I'm failing to parse this. What will be in the same space as user?

> +$ps.mmup set in kernel (PL1) and unset for user (PL2).
> +As said in kvx documentation, we have two cases when the kernel is
> +booted:
> +
> + - Either we have been booted by someone (bootloader, hypervisor, etc)
> + - Or we are alone (boot from flash)
> +
> +In both cases, we will use the virtual space 0. Indeed, if we are alone
> +on the core, then it means nobody is using the MMU and we can take the
> +first virtual space. If not alone, then when writing an entry to the tlb
> +using writetlb instruction, the hypervisor will catch it and change the
> +virtual space accordingly.
> +
> +Memblock
> +========
> +
> +When the kernel starts there is no memory allocator available. One of the first
> +step in the kernel is to detect the amount of DDR available by getting this
> +information in the device tree and initialize the low-level "memblock" allocator.
> +
> +We start by reserving memory for the whole kernel. For instance with a device
> +tree containing 512MB of DDR you could see the following boot messages::
> +
> + setup_bootmem: Memory : 0x100000000 - 0x120000000
> + setup_bootmem: Reserved: 0x10001f000 - 0x1002d1bc0
> +
> +During the paging init we need to set:
> +
> + - min_low_pfn that is the lowest PFN available in the system
> + - max_low_pfn that indicates the end if NORMAL zone
> + - max_pfn that is the number of pages in the system
> +
> +This setting is used for dividing memory into pages and for configuring the
> +zone. See the memory map section for more information about ZONE.
> +
> +Zones are configured in free_area_init_core(). During start_kernel() other
> +allocations are done for command line, cpu areas, PID hash table, different
> +caches for VFS. This allocator is used until mem_init() is called.
> +
> +mem_init() is provided by the architecture. For MPPA we just call
> +free_all_bootmem() that will go through all pages that are not used by the
> +low level allocator and mark them as not used. So physical pages that are
> +reserved for the kernel are still used and remain in physical memory. All pages
> +released will now be used by the buddy allocator.

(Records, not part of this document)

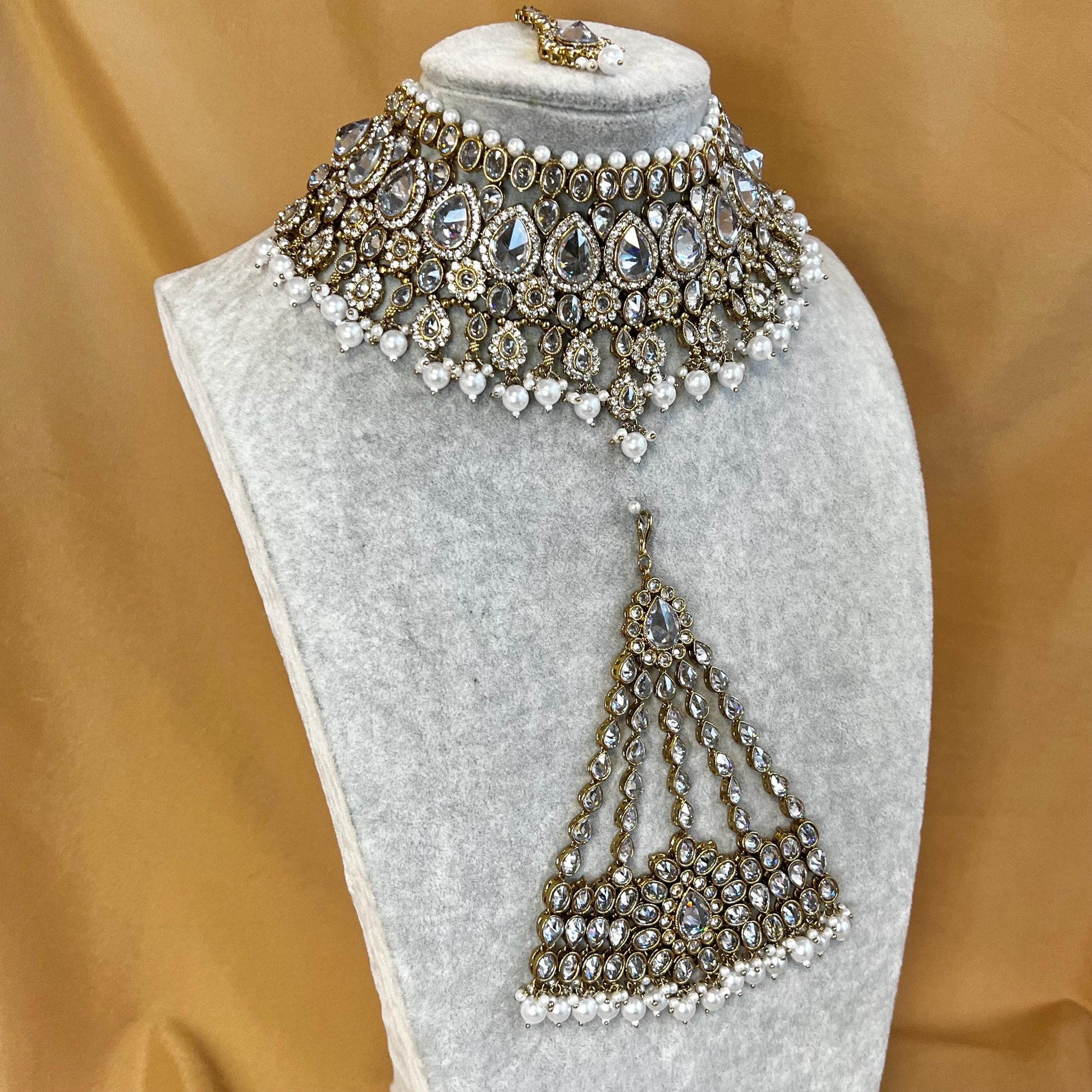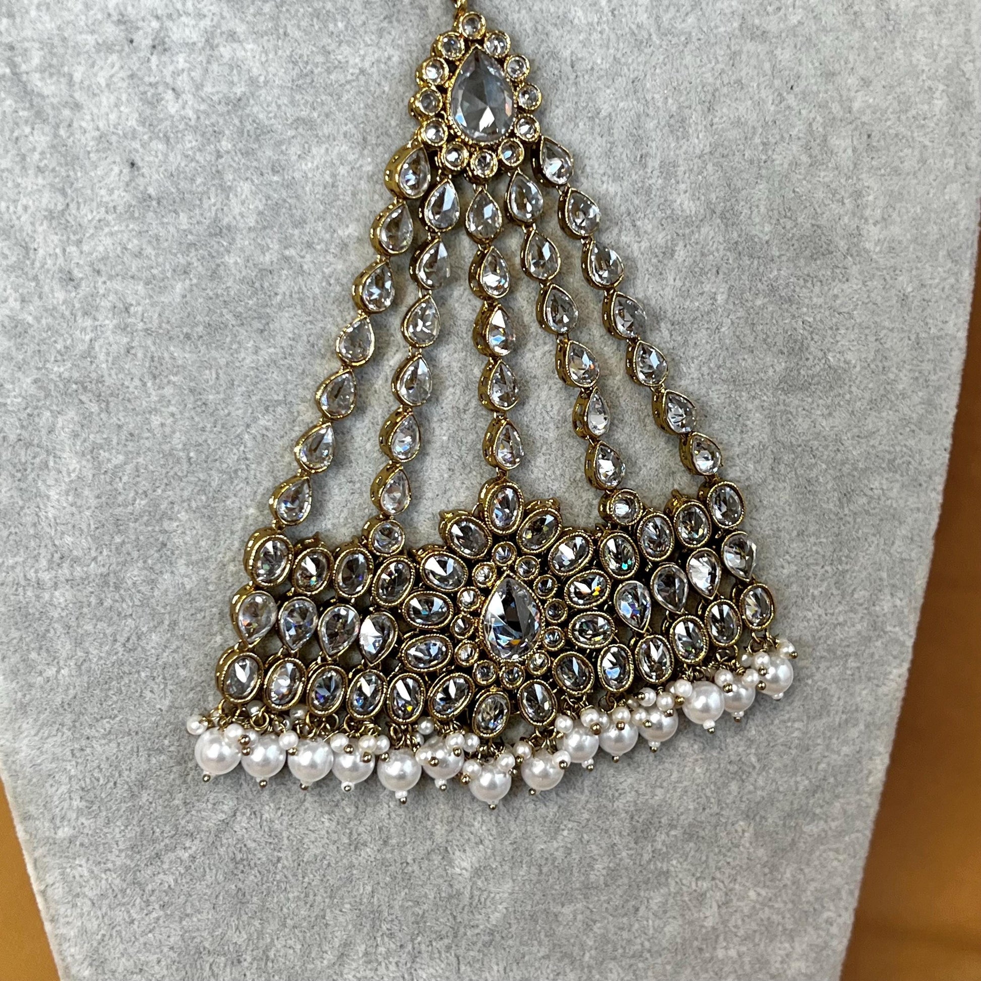 Bridal Clear Necklace Jhumar & Tikka - Antique Gold Base Clear Stonework/ White Bead Jewellery
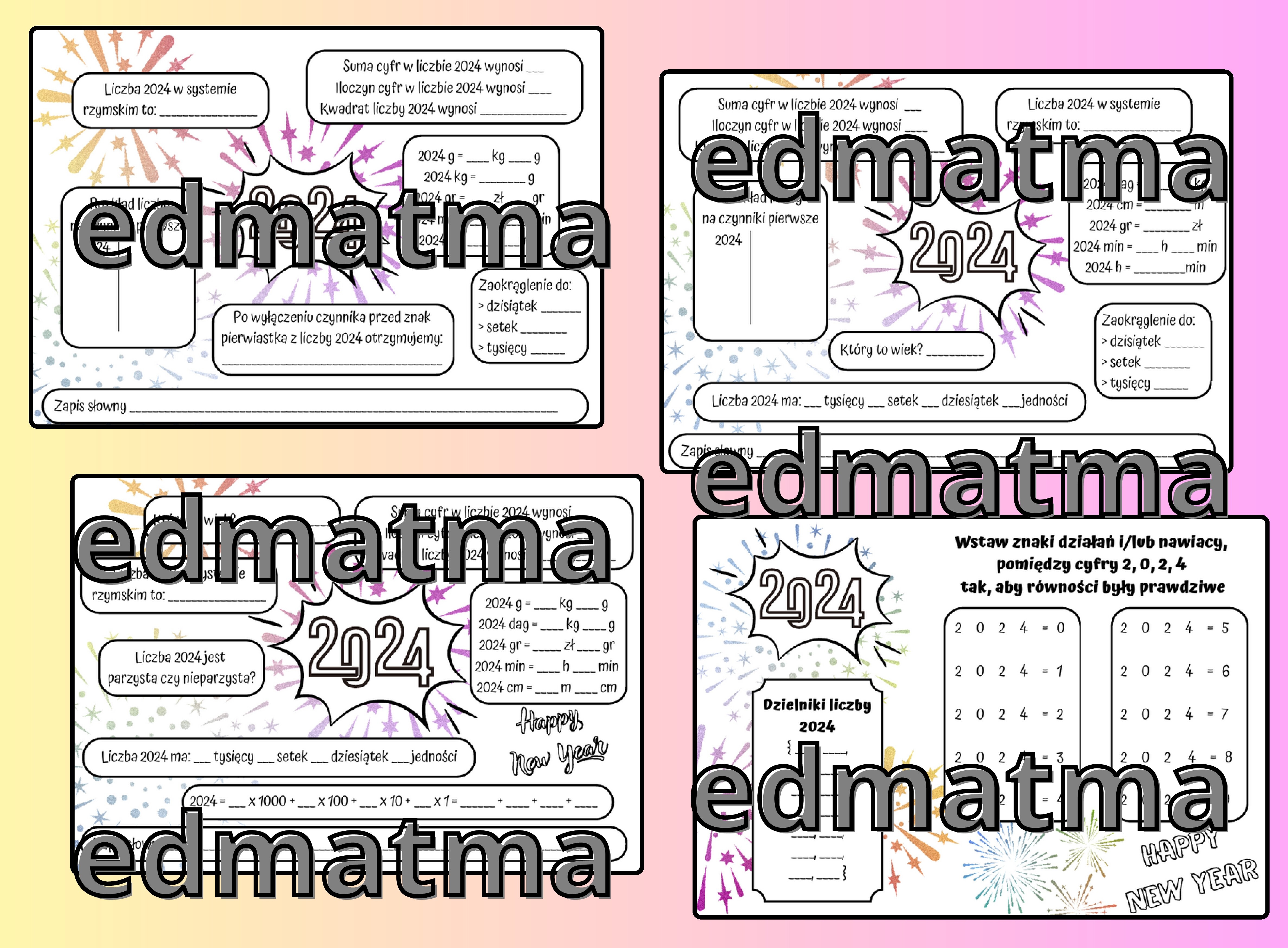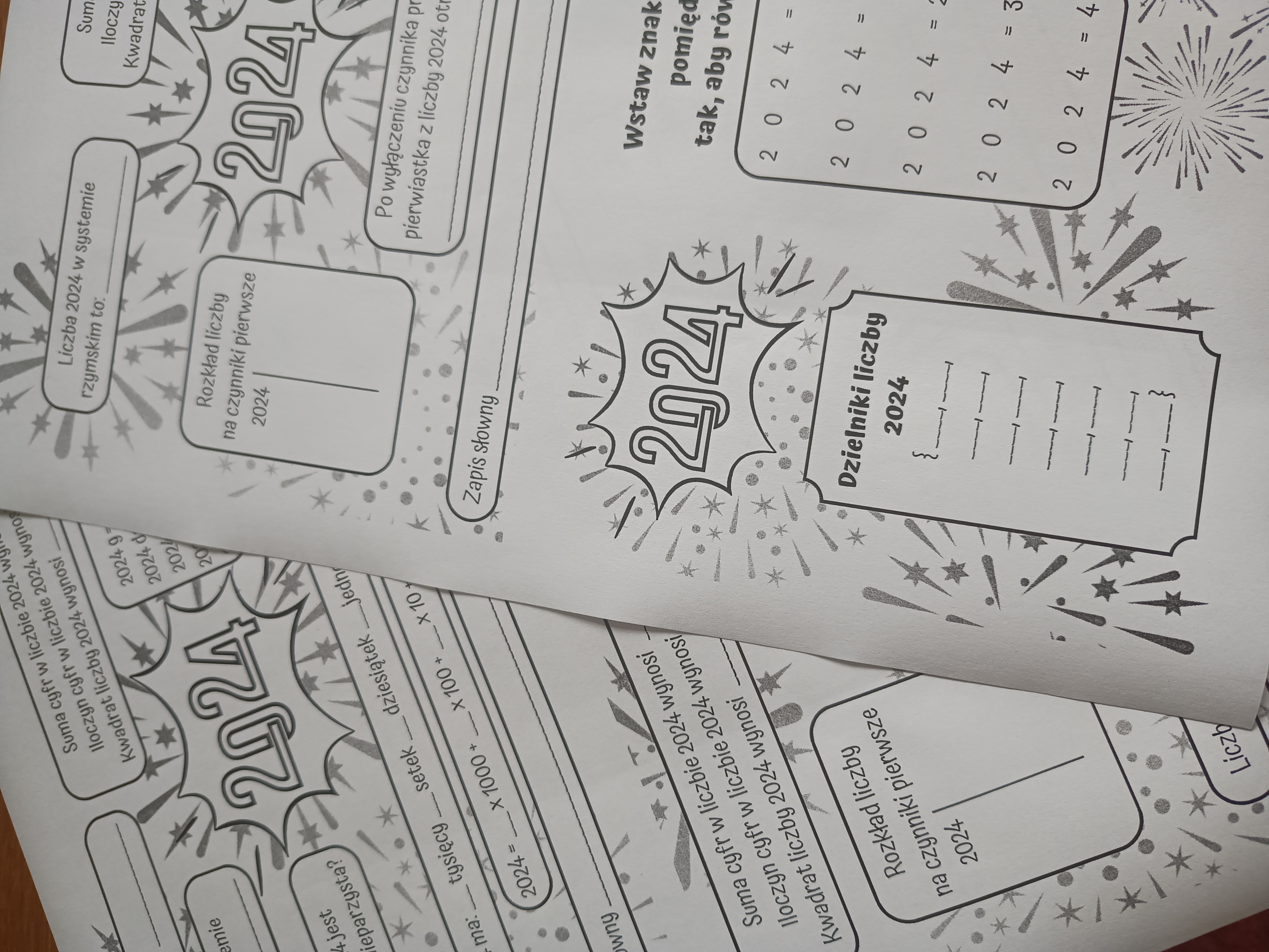 Czwarta karta pracy to zadanie polegające na wypisaniu dzielników liczby 2024 (w młodszej klasie można pominąć to zadanie) oraz zadanie polegające na uzupełnieniu znaków działań, aby otrzymać konkretny wynik, np. zadanie: 2 0 2 4 = 0 -> przykladowe rozwiązanie: 2 x 0 x 2 x 4 = 0. Zadanie to rozwija kreatywność i ćwiczy logiczne myślenie.
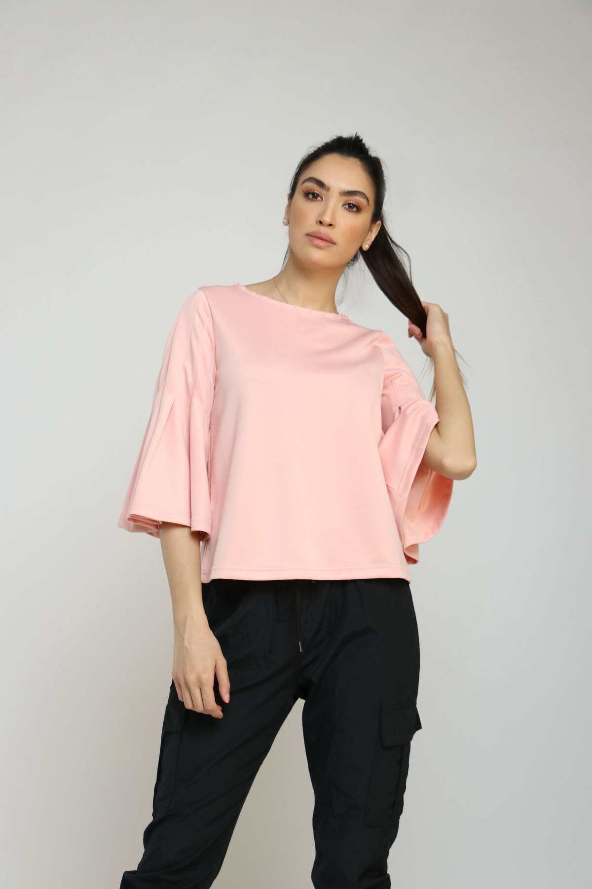 ميزات بلوزة سادة بأكمام واسعة من Nichii
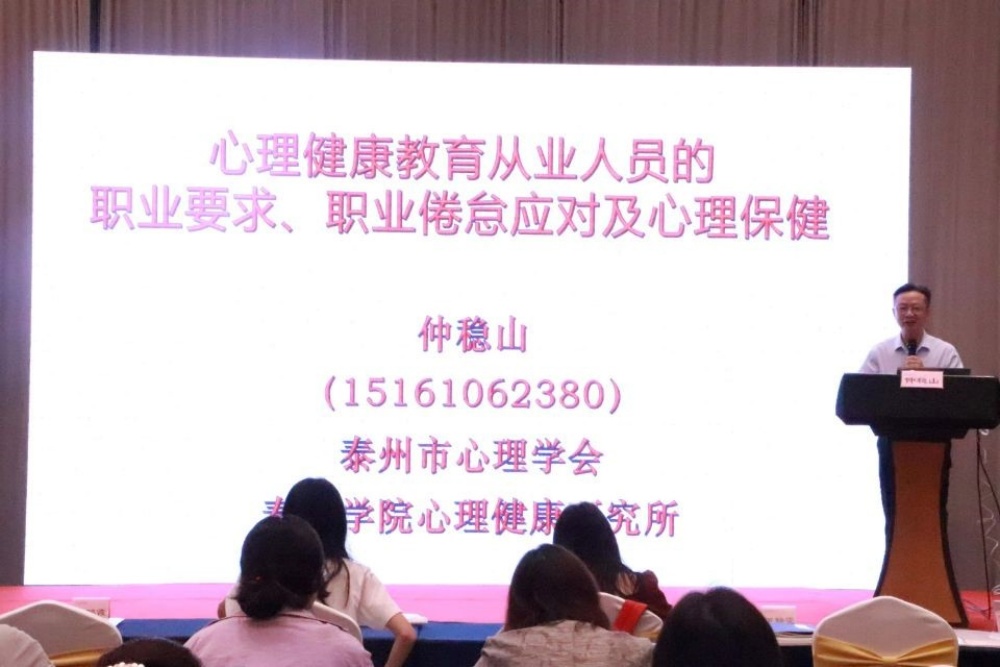 为深入实施服务泰州行动方案,7月11日,bat365在线中国官网登录入口心理健康研究所负责人、教育科学学院仲稳山教授受江苏领航明师教育科技有限公司邀请,为泰州市中小学心理健康教育骨干教师作了题为《心理健康教育从业人员职业要求、职业倦怠应对及心理保健》的专题报告。来自泰州市中小学的100多名心理健康教育骨干教师参加了本次活动,报告由泰州市教育局教师发展中心主任曹浩明主持。

There is nothing kvx-specific in the memblock section. Please strive to
keep Docimentaion/arch/kvx about architecture specific details.

> +Peripherals
> +-----------
> +
> +Peripherals are mapped using standard ioremap infrastructure, therefore
> +mapped addresses are located in the vmalloc space.
> +
> +LTLB Usage
> +----------
> +
> +LTLB is used to add resident mapping which allows for faster MMU lookup.
> +Currently, the LTLB is used to map some mandatory kernel pages and to allow fast
> +accesses to l2 cache (mailbox and registers).
> +When CONFIG_STRICT_KERNEL_RWX is disabled, 4 entries are reserved for kernel

Please remove CONFIG_STRICT_KERNEL_RWX documentation for now. This should
be a part of a patchset than enables CONFIG_STRICT_KERNEL_RWX.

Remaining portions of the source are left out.